§ **TASK DETAILS**: In the entries below, find the line with "Relegation BL/KL Grp" and the line with "ここ数年、街でもよく見かける"; copy them and every line between them exactly, but not the pictures.

§ **MATERIAL PROVIDED**:

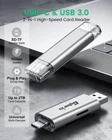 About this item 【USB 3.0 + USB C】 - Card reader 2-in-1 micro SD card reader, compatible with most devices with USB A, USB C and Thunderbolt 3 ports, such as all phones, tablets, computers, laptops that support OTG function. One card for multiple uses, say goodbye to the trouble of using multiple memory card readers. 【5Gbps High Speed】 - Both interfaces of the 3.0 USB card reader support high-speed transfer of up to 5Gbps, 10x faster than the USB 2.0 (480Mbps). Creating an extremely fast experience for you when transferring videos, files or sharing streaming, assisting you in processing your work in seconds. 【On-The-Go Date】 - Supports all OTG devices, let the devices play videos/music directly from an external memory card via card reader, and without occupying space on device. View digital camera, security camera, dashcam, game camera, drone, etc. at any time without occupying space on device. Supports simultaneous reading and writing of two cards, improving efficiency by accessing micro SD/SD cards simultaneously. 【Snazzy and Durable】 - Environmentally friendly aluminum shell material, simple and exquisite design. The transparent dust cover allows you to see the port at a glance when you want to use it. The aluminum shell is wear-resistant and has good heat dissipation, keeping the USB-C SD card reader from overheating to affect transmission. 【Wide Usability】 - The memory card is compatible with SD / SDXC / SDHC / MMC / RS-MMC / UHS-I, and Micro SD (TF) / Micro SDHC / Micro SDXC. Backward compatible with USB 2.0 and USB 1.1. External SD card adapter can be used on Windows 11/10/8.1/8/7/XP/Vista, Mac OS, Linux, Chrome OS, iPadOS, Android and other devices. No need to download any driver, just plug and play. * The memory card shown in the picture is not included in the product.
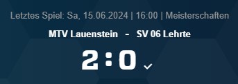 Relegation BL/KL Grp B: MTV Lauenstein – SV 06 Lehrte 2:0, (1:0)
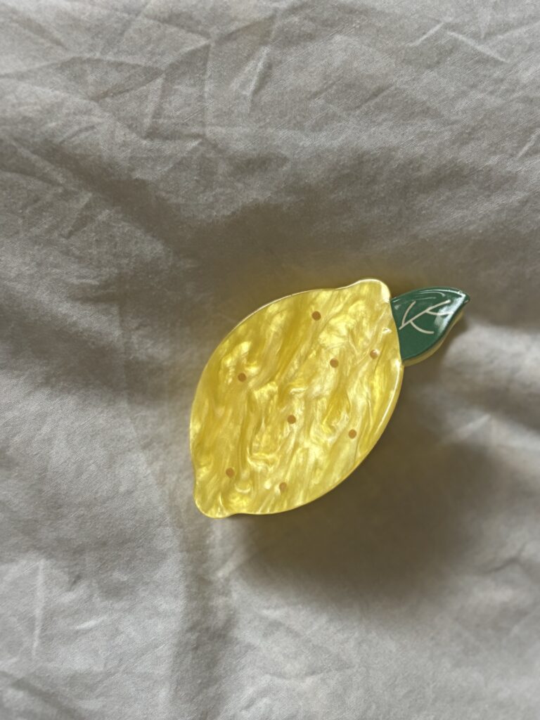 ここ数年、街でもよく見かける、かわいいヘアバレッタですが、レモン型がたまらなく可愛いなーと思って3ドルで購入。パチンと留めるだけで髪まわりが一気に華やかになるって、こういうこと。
==
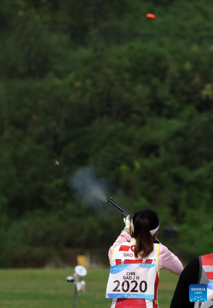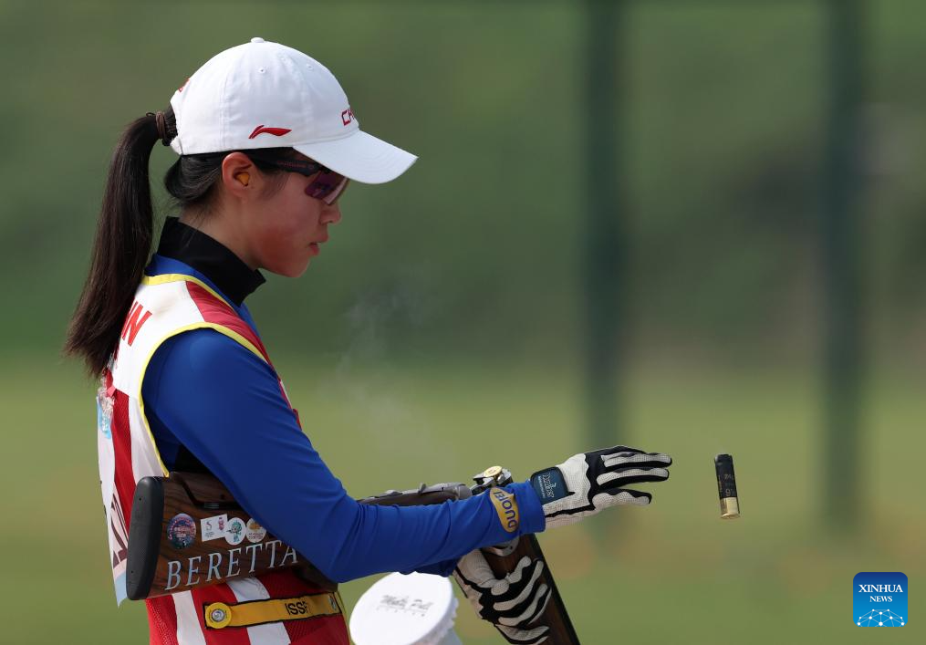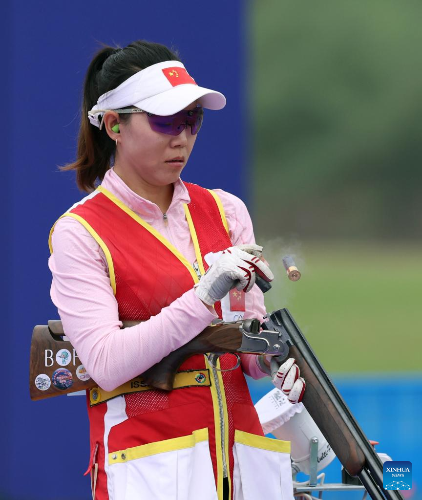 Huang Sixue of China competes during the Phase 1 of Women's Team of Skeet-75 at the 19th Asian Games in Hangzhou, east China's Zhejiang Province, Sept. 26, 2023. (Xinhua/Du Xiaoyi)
==
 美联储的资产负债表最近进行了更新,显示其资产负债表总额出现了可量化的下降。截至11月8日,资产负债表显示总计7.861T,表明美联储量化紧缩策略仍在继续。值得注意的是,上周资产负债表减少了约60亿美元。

§ **ANSWER TO THIS EXERCISE**:
 Relegation BL/KL Grp B: MTV Lauenstein – SV 06 Lehrte 2:0, (1:0)
 ここ数年、街でもよく見かける、かわいいヘアバレッタですが、レモン型がたまらなく可愛いなーと思って3ドルで購入。パチンと留めるだけで髪まわりが一気に華やかになるって、こういうこと。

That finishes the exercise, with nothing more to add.